### Data excerpts
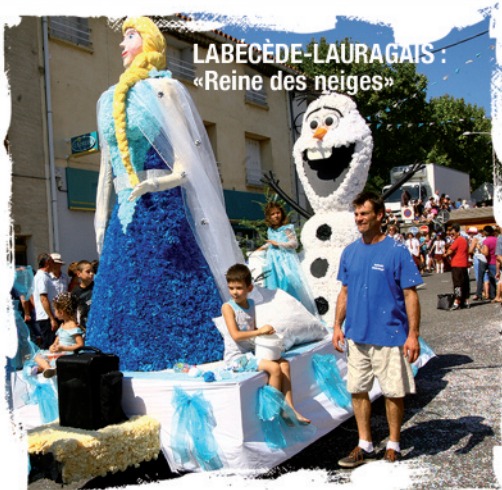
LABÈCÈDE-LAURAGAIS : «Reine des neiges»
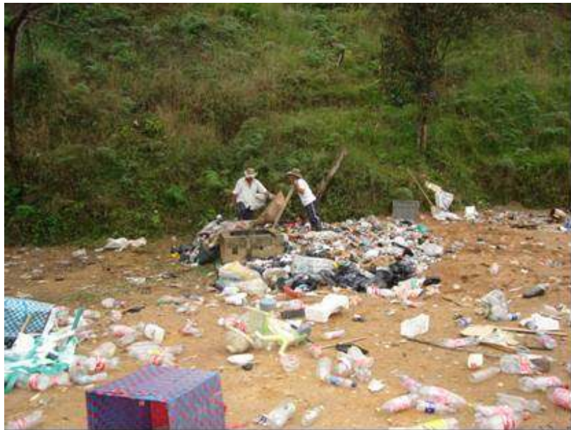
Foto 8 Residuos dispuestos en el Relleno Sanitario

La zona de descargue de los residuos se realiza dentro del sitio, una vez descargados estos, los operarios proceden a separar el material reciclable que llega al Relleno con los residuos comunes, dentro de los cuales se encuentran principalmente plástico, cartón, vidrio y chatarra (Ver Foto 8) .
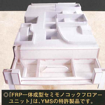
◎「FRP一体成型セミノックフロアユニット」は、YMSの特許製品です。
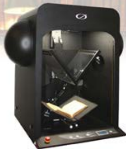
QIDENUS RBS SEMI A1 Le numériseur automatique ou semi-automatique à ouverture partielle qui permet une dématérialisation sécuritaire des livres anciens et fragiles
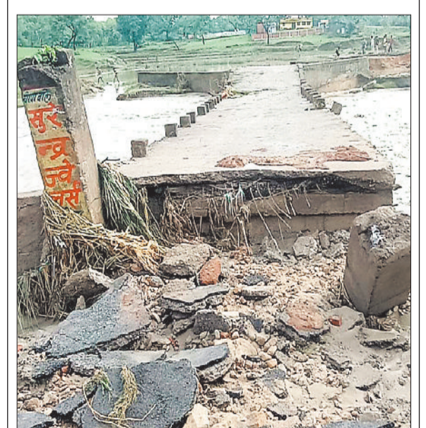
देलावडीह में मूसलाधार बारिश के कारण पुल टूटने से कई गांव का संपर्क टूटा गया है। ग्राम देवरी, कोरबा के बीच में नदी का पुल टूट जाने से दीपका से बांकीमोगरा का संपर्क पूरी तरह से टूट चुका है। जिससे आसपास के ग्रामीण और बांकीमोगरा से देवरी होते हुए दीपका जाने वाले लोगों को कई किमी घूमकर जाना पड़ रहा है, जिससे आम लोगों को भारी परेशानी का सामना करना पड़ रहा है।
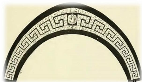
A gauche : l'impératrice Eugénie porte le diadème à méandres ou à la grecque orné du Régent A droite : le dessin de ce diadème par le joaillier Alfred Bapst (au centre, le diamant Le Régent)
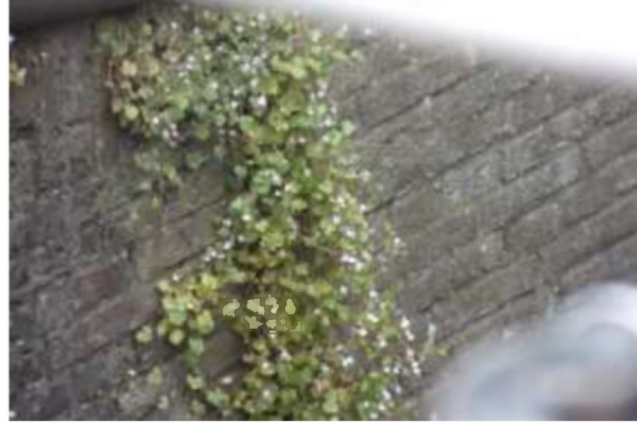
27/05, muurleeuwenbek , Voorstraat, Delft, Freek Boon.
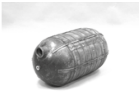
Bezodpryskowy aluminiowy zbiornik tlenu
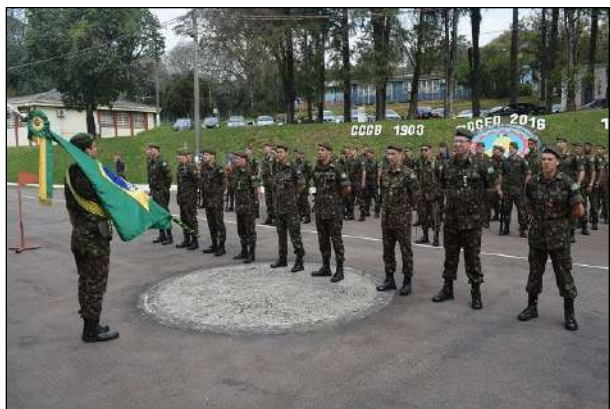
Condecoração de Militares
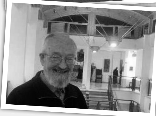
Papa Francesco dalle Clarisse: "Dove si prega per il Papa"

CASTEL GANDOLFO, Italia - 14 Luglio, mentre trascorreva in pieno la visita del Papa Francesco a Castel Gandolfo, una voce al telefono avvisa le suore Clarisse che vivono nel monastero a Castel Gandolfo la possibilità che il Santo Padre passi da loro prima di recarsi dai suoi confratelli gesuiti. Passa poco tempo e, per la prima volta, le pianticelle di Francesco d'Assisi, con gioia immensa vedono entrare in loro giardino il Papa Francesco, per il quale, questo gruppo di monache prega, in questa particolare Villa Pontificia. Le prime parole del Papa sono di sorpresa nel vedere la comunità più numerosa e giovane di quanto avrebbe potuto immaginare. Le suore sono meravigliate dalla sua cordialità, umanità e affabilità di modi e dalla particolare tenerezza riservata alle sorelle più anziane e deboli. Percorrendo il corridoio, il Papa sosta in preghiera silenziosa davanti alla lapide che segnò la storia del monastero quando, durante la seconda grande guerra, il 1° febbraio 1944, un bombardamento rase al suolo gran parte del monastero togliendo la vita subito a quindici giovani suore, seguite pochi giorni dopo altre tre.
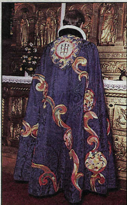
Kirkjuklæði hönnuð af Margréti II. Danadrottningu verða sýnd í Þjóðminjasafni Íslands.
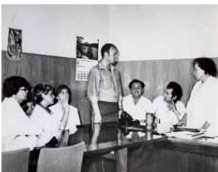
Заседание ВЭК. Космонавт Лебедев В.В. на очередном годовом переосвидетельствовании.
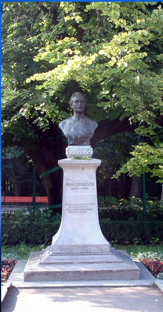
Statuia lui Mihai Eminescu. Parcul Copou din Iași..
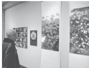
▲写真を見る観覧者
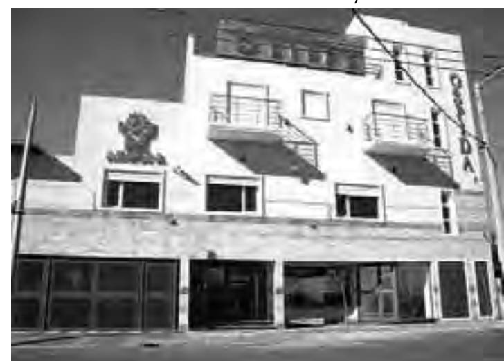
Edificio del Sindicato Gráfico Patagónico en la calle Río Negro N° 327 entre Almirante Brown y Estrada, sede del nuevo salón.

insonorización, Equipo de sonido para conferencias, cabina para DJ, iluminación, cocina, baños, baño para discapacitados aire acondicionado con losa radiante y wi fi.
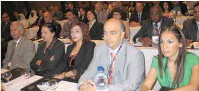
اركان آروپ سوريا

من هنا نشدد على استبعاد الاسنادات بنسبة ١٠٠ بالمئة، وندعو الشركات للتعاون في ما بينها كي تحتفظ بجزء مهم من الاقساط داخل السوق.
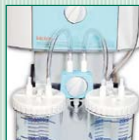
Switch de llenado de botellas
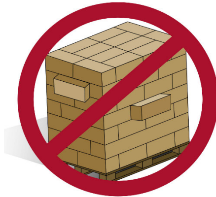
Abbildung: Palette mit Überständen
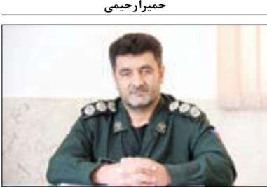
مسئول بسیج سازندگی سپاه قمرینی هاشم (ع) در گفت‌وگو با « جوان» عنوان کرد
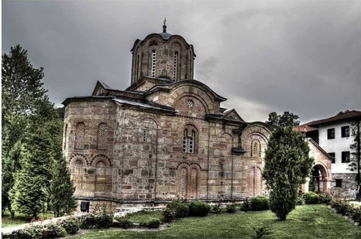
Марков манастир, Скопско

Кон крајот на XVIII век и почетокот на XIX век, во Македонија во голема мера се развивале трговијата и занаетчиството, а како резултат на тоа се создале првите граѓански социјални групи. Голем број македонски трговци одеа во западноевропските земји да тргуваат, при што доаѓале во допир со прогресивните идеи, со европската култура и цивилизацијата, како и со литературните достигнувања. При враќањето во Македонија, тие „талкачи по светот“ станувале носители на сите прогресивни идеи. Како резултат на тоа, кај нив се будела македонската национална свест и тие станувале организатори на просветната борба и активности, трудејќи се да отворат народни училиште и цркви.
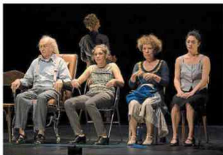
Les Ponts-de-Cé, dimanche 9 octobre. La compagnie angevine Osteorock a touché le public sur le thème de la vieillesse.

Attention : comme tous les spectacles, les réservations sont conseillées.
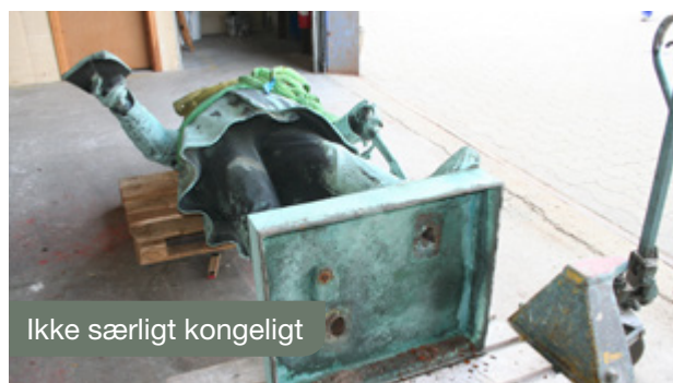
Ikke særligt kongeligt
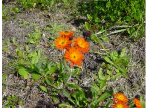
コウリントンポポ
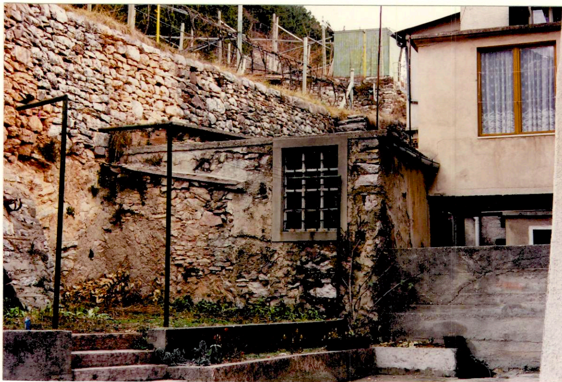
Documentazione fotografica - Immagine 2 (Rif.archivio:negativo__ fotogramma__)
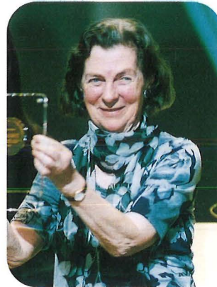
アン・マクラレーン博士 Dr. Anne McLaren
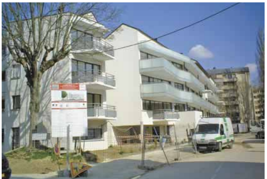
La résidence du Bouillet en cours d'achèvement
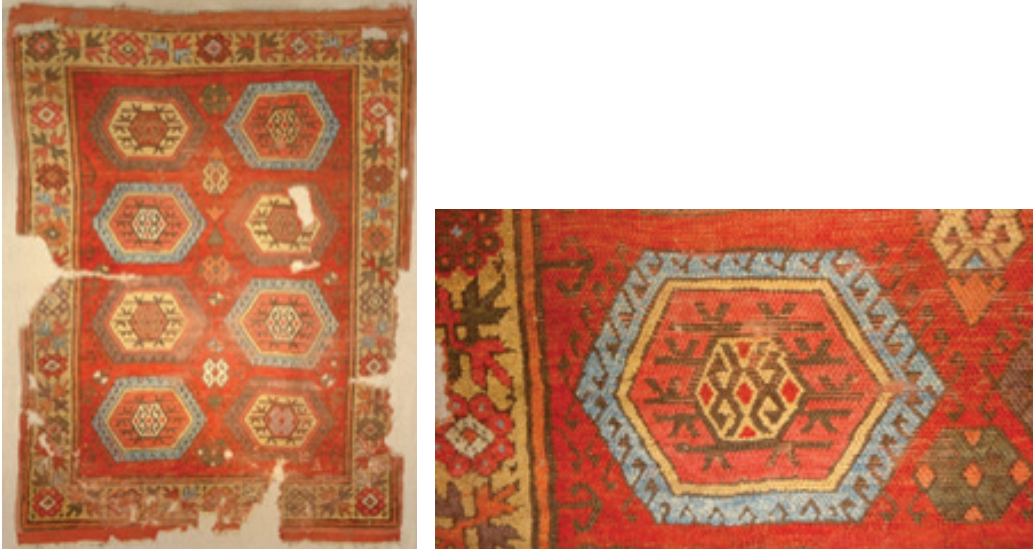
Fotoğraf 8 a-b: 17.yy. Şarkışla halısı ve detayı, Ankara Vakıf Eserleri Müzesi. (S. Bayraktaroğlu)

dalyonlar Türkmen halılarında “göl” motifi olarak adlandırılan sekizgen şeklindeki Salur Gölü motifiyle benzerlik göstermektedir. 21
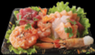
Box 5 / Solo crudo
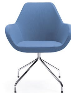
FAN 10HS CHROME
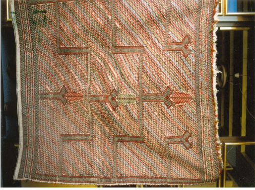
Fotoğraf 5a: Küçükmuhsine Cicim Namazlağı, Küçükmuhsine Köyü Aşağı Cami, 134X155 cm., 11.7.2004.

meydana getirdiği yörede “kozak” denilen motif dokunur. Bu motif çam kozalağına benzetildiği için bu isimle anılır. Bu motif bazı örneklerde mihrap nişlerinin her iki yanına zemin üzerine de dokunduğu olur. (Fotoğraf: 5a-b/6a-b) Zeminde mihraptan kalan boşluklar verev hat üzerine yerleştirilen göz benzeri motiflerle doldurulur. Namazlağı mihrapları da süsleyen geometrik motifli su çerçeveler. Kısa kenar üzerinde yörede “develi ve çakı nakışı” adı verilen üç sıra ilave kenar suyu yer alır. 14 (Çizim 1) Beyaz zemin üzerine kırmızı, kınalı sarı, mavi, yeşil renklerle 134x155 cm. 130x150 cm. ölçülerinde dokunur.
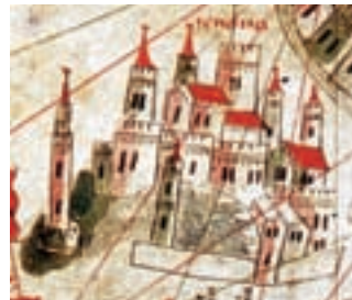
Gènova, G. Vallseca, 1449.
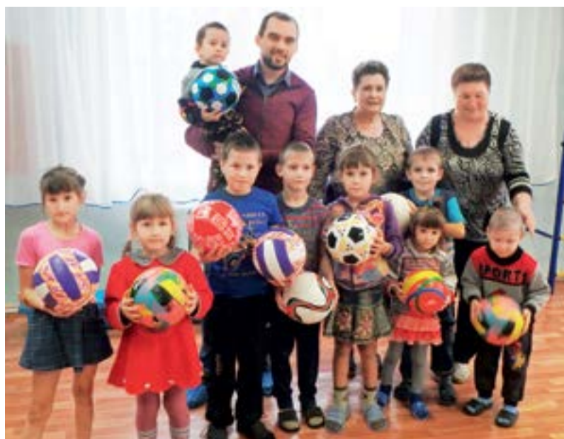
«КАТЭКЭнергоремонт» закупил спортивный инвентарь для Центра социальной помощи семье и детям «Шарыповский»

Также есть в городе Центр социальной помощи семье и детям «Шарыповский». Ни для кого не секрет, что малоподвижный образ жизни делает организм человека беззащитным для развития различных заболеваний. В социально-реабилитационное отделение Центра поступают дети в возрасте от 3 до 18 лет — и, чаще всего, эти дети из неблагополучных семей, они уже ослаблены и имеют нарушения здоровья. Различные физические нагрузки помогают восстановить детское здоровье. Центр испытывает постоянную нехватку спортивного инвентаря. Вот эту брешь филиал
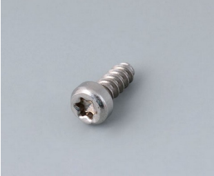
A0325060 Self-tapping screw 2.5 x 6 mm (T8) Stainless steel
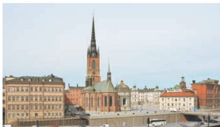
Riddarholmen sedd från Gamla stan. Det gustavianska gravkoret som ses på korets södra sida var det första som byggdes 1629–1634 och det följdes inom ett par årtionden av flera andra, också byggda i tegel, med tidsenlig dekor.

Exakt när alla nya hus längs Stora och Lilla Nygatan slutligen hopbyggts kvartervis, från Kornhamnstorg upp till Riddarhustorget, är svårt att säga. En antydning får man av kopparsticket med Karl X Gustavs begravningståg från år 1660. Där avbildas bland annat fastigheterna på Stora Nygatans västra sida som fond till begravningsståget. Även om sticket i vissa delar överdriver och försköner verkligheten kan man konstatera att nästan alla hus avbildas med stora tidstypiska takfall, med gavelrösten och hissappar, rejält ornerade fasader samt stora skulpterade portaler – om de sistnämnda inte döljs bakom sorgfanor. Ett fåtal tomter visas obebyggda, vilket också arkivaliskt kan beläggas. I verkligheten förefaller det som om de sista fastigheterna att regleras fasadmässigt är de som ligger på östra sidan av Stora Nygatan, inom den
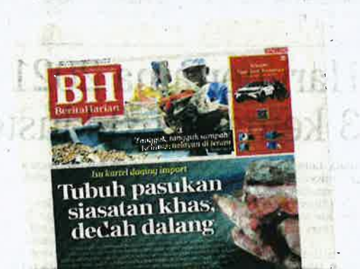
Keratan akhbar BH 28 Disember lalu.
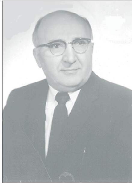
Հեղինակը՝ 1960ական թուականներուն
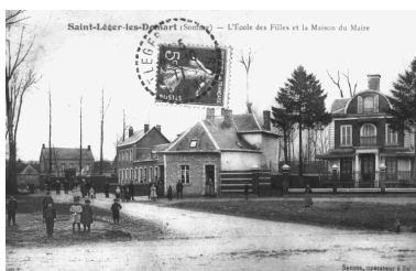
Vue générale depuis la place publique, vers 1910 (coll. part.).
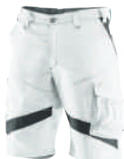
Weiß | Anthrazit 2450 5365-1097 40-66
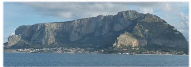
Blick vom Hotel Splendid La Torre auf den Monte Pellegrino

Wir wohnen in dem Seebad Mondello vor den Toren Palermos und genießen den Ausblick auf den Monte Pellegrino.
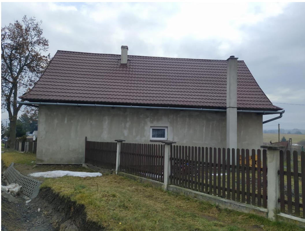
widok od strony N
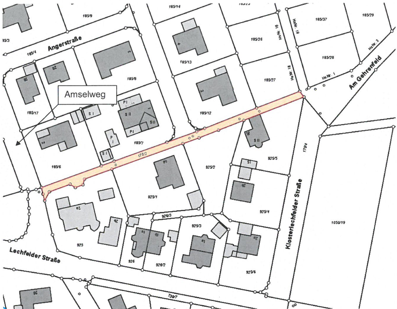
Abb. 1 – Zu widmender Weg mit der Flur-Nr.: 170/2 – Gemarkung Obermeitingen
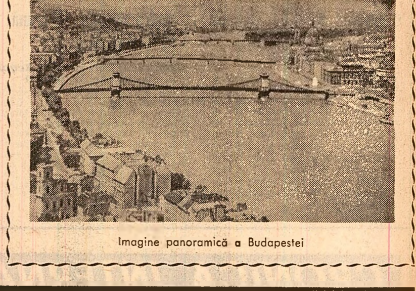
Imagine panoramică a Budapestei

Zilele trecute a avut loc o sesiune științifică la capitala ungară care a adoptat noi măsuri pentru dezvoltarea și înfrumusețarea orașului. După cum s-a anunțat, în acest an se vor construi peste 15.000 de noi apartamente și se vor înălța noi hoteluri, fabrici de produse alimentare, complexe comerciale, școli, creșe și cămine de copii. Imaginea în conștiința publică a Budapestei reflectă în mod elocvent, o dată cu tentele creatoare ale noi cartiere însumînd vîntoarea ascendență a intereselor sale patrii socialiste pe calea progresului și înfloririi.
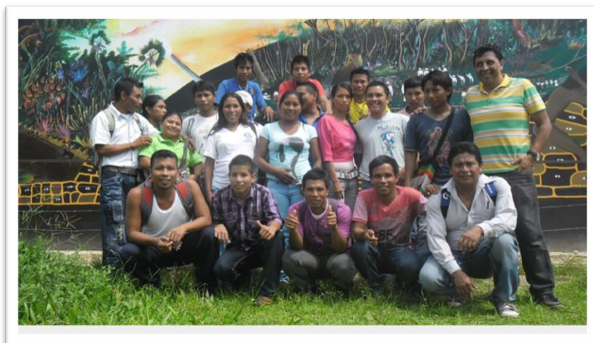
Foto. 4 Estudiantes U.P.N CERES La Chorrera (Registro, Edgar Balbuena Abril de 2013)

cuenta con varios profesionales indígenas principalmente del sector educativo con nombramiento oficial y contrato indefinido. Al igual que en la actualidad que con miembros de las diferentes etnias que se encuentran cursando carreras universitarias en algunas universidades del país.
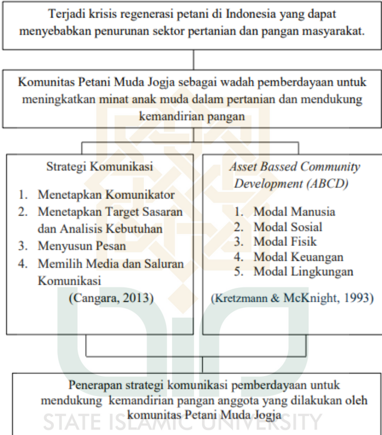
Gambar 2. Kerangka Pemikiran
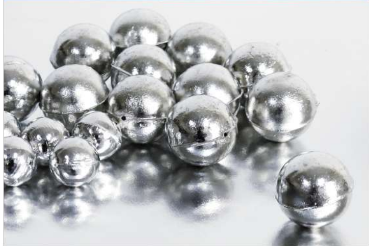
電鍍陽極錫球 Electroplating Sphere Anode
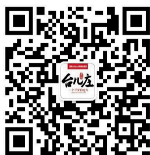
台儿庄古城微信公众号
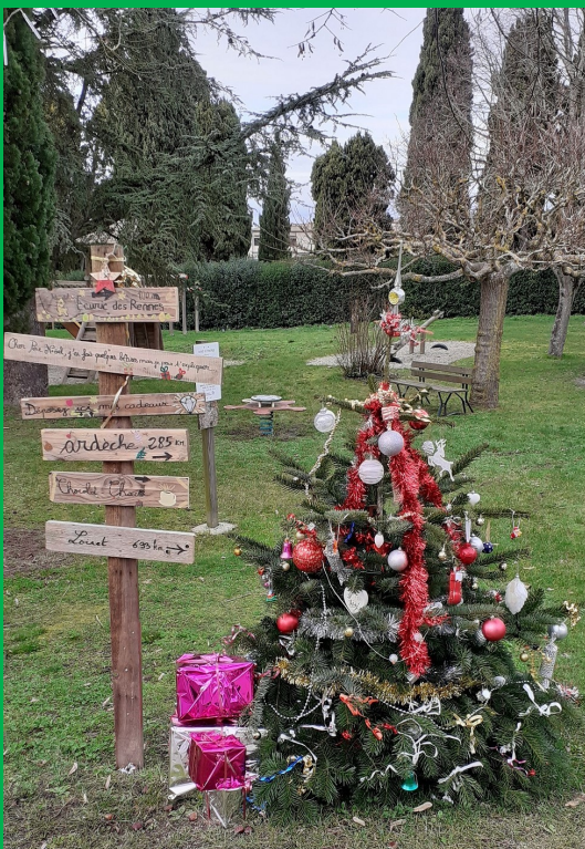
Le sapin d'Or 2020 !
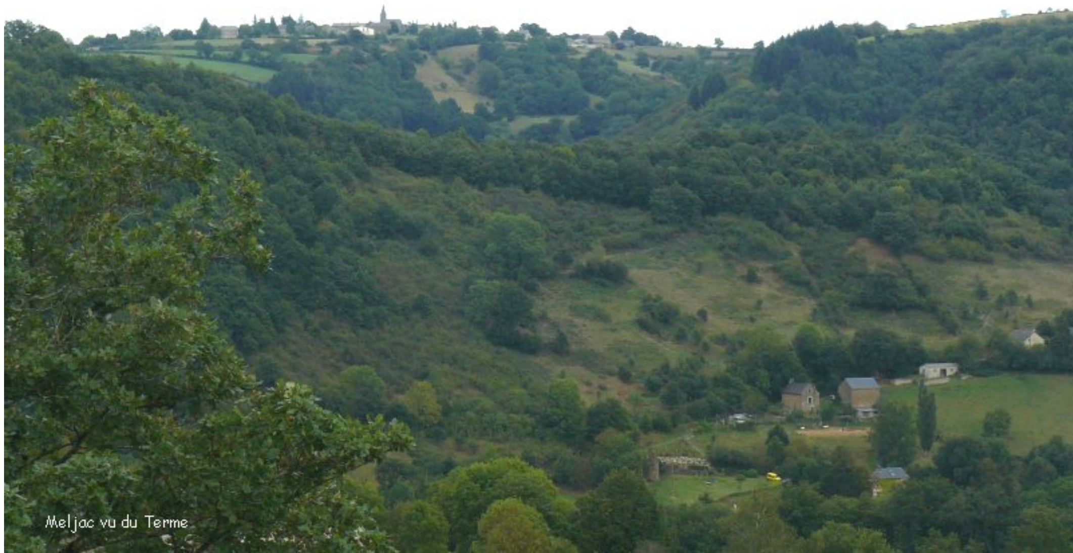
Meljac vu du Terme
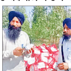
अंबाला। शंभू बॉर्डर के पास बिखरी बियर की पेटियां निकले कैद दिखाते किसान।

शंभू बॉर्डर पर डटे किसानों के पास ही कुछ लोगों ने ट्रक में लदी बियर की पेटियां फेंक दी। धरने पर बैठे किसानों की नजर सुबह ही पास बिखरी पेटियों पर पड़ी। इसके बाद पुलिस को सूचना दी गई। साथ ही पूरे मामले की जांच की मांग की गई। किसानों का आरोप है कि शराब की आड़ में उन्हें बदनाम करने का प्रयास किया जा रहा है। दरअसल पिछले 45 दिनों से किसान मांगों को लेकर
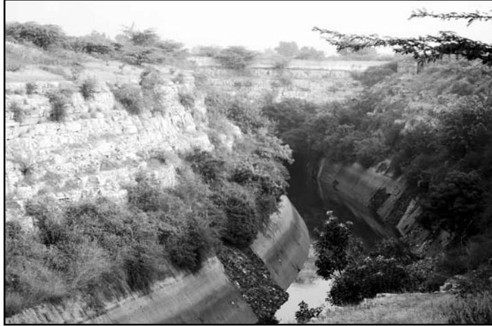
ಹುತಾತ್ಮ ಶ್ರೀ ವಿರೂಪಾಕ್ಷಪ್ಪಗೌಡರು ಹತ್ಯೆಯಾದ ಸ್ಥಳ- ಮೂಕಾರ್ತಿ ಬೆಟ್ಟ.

### What to produce
Look above for the line with "La zona de descargue" and the line with "देलावडीह में मूसलाधार", then copy exactly the lines from the first through the second, both kept, with no pictures.

### Response area
La zona de descargue de los residuos se realiza dentro del sitio, una vez descargados estos, los operarios proceden a separar el material reciclable que llega al Relleno con los residuos comunes, dentro de los cuales se encuentran principalmente plástico, cartón, vidrio y chatarra (Ver Foto 8) .
◎「FRP一体成型セミノックフロアユニット」は、YMSの特許製品です。
QIDENUS RBS SEMI A1 Le numériseur automatique ou semi-automatique à ouverture partielle qui permet une dématérialisation sécuritaire des livres anciens et fragiles
देलावडीह में मूसलाधार बारिश के कारण पुल टूटने से कई गांव का संपर्क टूटा गया है। ग्राम देवरी, कोरबा के बीच में नदी का पुल टूट जाने से दीपका से बांकीमोगरा का संपर्क पूरी तरह से टूट चुका है। जिससे आसपास के ग्रामीण और बांकीमोगरा से देवरी होते हुए दीपका जाने वाले लोगों को कई किमी घूमकर जाना पड़ रहा है, जिससे आम लोगों को भारी परेशानी का सामना करना पड़ रहा है।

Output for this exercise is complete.